1) they come with fixed props, nothing wrong with a fixed prop, but for about $1k more they could have feathering props instead.

2) the deck hardware is acceptably sized but they design for a maximum work input of 50lbs on a winch (the normal max for a fit adult). Going up in size on the winches could reduce that to 25lbs easily, but would add $3k to the cost of a 40' so they don't.

3) cast iron keels...

 

One thing from a seller's perspective, they do not have a history of major problems. They work as intended and as promised.

 

by the same metric...

Catalina -GMC

Hunter - Chevy

Swan - BMW

X-Yachts - Audi

Most J-Boats - Ford Mustang

Some J-Boats - Shelby Mustang

Hinkley - Rolls Royce

 

Pretty close.

 

As to the gear sizing etc. - everything is upgradeable when ordering - lead keels are a big upcharge, winches can be upsized etc. The local Jenny dealer automatically replaced all the manual heads with electrics in everything over 40'.

 

All you have to do is pay for it. They size things "adequate" to get a competitive advertised price - very much the same as all those auto manufacturers used to do with their thousand page options list. I can remember a column in an auto mag BITD where the guy demonstrated that GM could build literally millions of Camaros with no two exactly alike. You could get a stripped 6 cyl. model for $2200 up to a ZL1 for $9500 (twice the price of a Corvette).
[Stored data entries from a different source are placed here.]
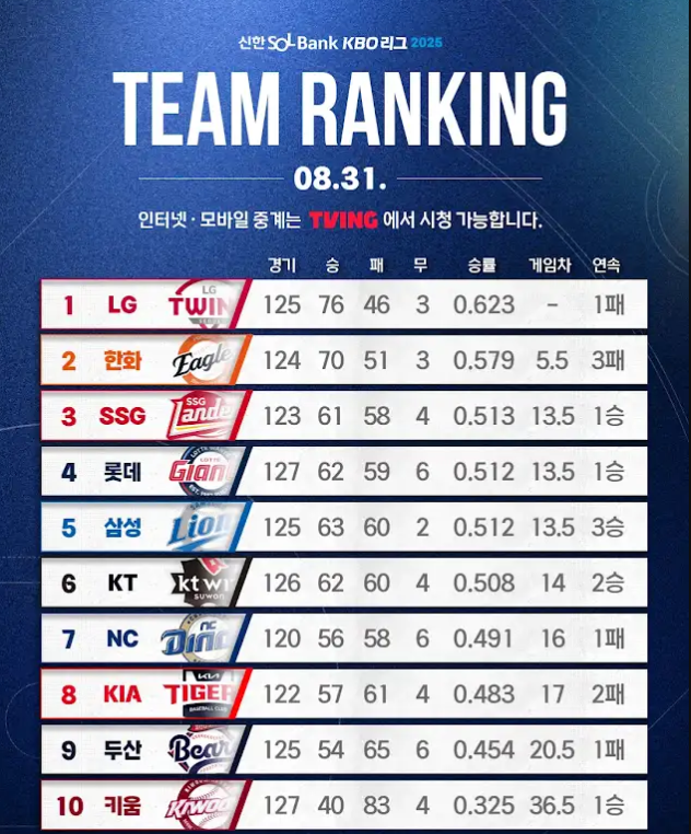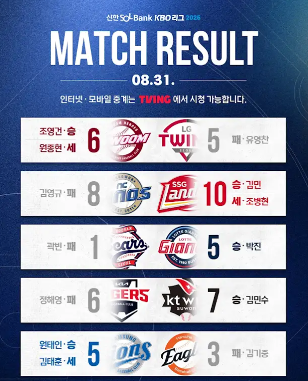 2025년 8월 31일 경기 종료 기준, KBO리그 순위표와 8월 31일 경기 결과입니다.
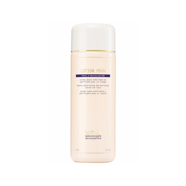 Biologique Recherche Lotion P50W is the mildest exfoliating toner in the P50 lineup, with anti-acne and anti-inflammatory properties. Its blend of Acids reduce oiliness and acne, while Arnica Extract soothes the skin. Experience smoother, softer, clearer skin and a more even complexion.
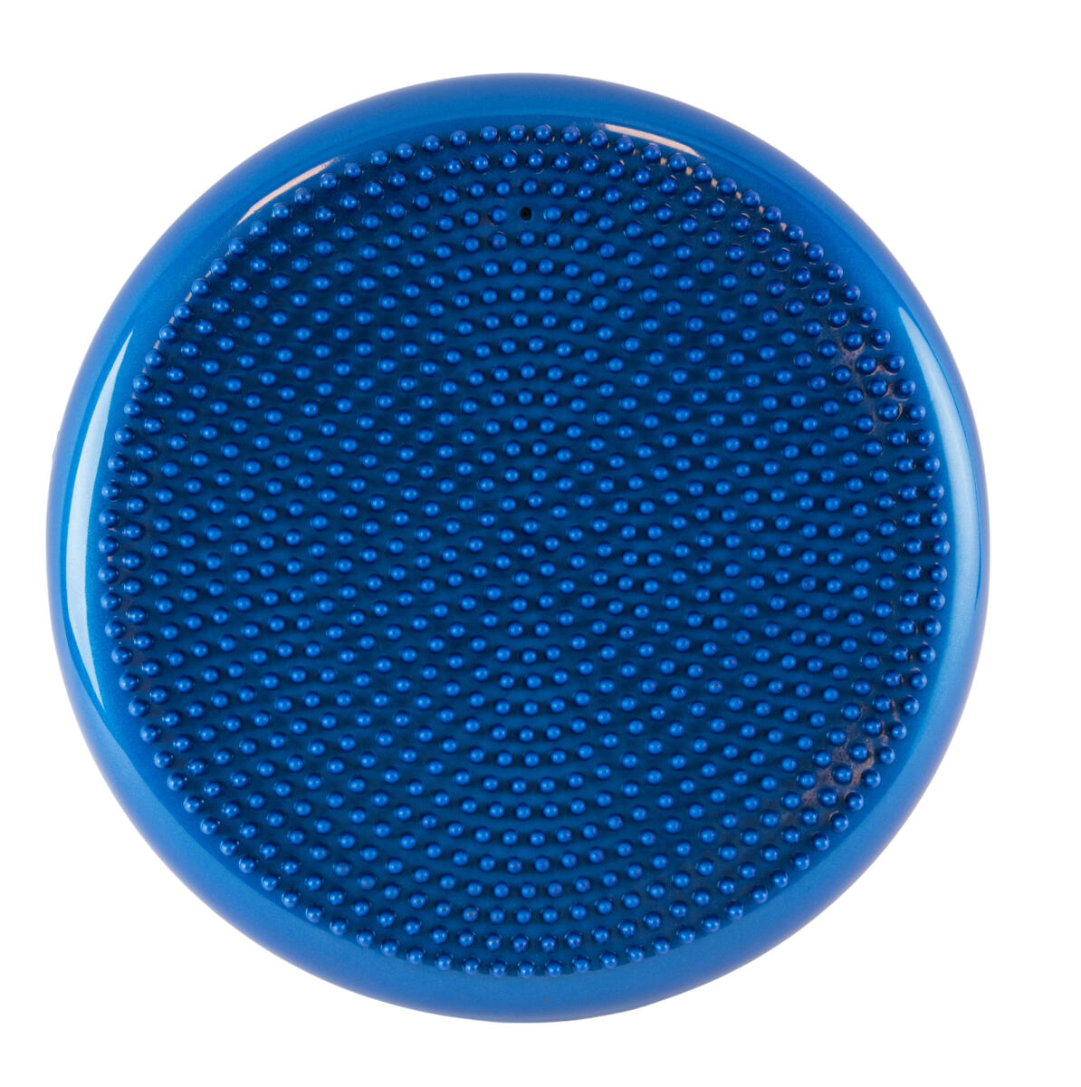 En luftfyldt pude som kan bruges som siddepude til følelsesstimulering og massage. På gulvet bruges den til balanceøvelser og træning af muskulatur. Den ene side har pigge til fodmassage og den anden har mindre kugler til at sidde på. Ø33 cm. Af PVC, uden forbudte ftalater. Fra 3 år.
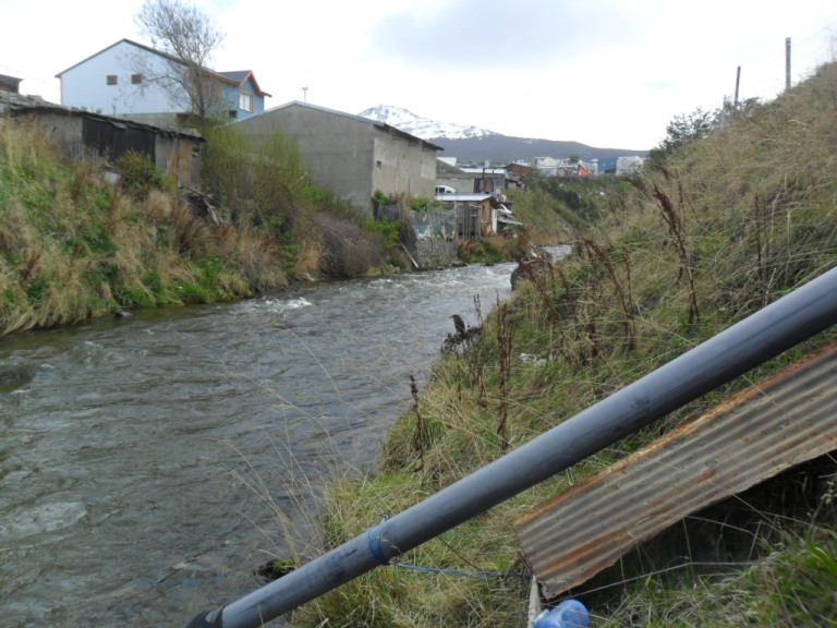 Se observó también un caño actualmente seco que, dada la apariencia organoléptica, parece haber descargado en algún momento algún tipo de hidrocarburo. Además se observaron varios desagües que podrían ser desagotes cloacales, pluviocloacales, residenciales o no que llegan al río desde ambas márgenes.
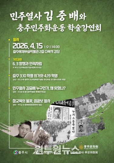 (원투원뉴스) 충주문화원(원장 유진태)은 ‘민주열사 김중배와 충주 민주화 운동’ 이라는 주제로 오는 15일(수) 오후 2시 충주세계무술박물관 2층 다목적강당에서 학술강연회를 개최한다.
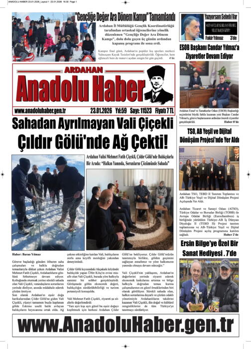 ARDAHAN’I HER GÜN YAZAN ANADOLU E-HABER GAZETESİ 22 OCAK 2026
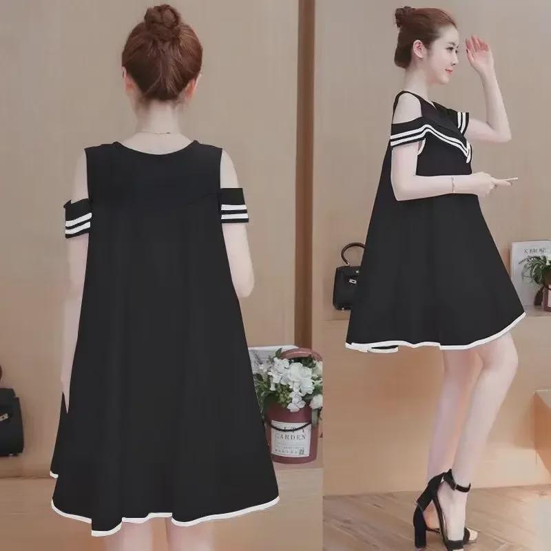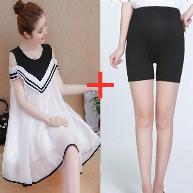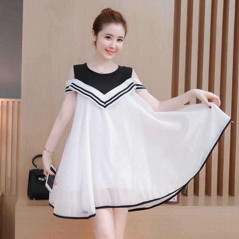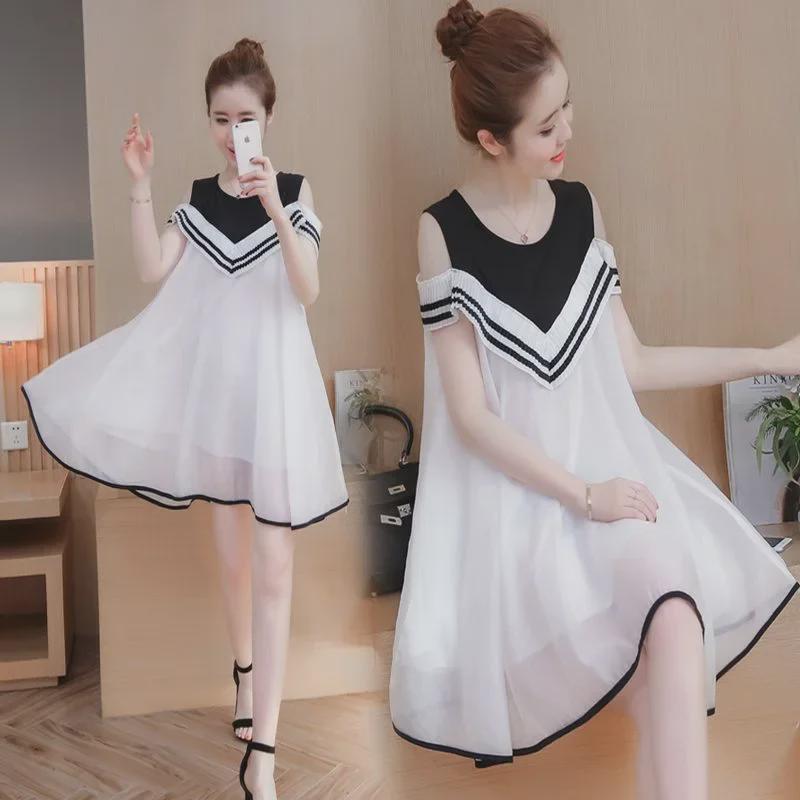 Летнее платье для беременных в корейском стиле с открытыми плечами и юбкой средней длины из шифона
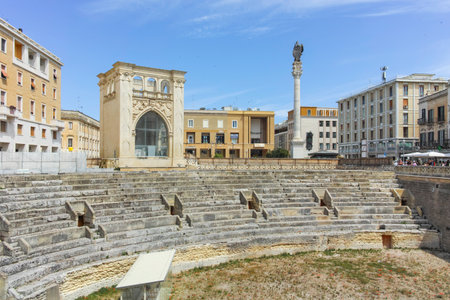 The iconic Roman amphitheatre in Sant'Oronzo square, one of the most visited spots in Lecce on Puglia, Italy
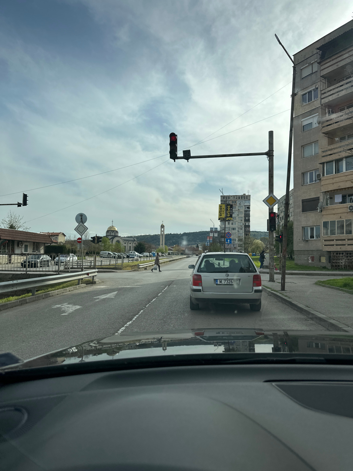 The image depicts a street scene in Montana, Bulgaria, viewed from inside a car. The car is stopped at a red traffic light. Another silver car is ahead, displaying a license plate number "M 7326 PC".…read more
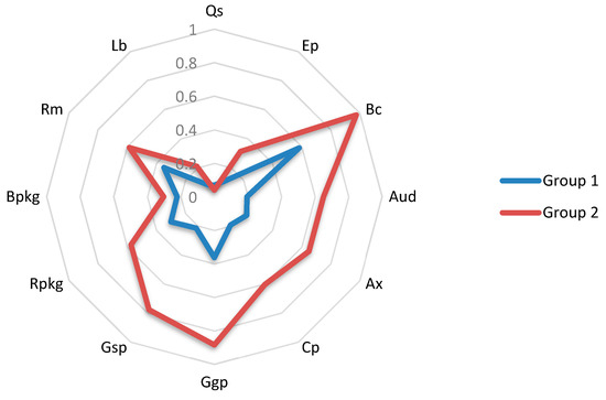 Average scores for Groups 1 and 2 in eco-innovations quantitative variables measured in percentage scale and qualitative variables. Note: Ep = Ecological/integrated production; Bc = Biological control; Rm = Recycled/reused materials; Ct = Environmentally-oriented culture; Qs = Quality staff; Lb = Analysis laboratory; Aud = Environmental audit; Ax = Environmental consulting; Cp = Stakeholders cooperation; Certf = Quality certifications; Ggp = GLOBALG.A.P. certification; Gsp = GRASP certification; Rpkg = Recycled packaging; Bpkg = Biodegradable packaging.

Many, if not all the production boats are not unlike that - people just aren't willing to pay $75K more on a 40' to get all that better stuff.

 

A couple of years ago I watched a guy restore an old 32' First that had gone on the rocks (and I do mean rocks). Gouged up the hull pretty well, bent the stanchions & pulpits etc. but no structural damage, no bent keel, no bent rudder etc. Still, it was totaled by the insurance and he got it for scrap price. Fixed it himself and made about 20 grand on resale.

 

I'd take an early 80's First 42 in a heartbeat.

 

A local broker (Copeland) and his family sailed all the way around on a First 38 with no problem.

 

 

I raced on a First 42 this weekend. Sturdy, fast, well-built -- no complaints. But I wouldn't touch an Oceanis with a ten foot pole.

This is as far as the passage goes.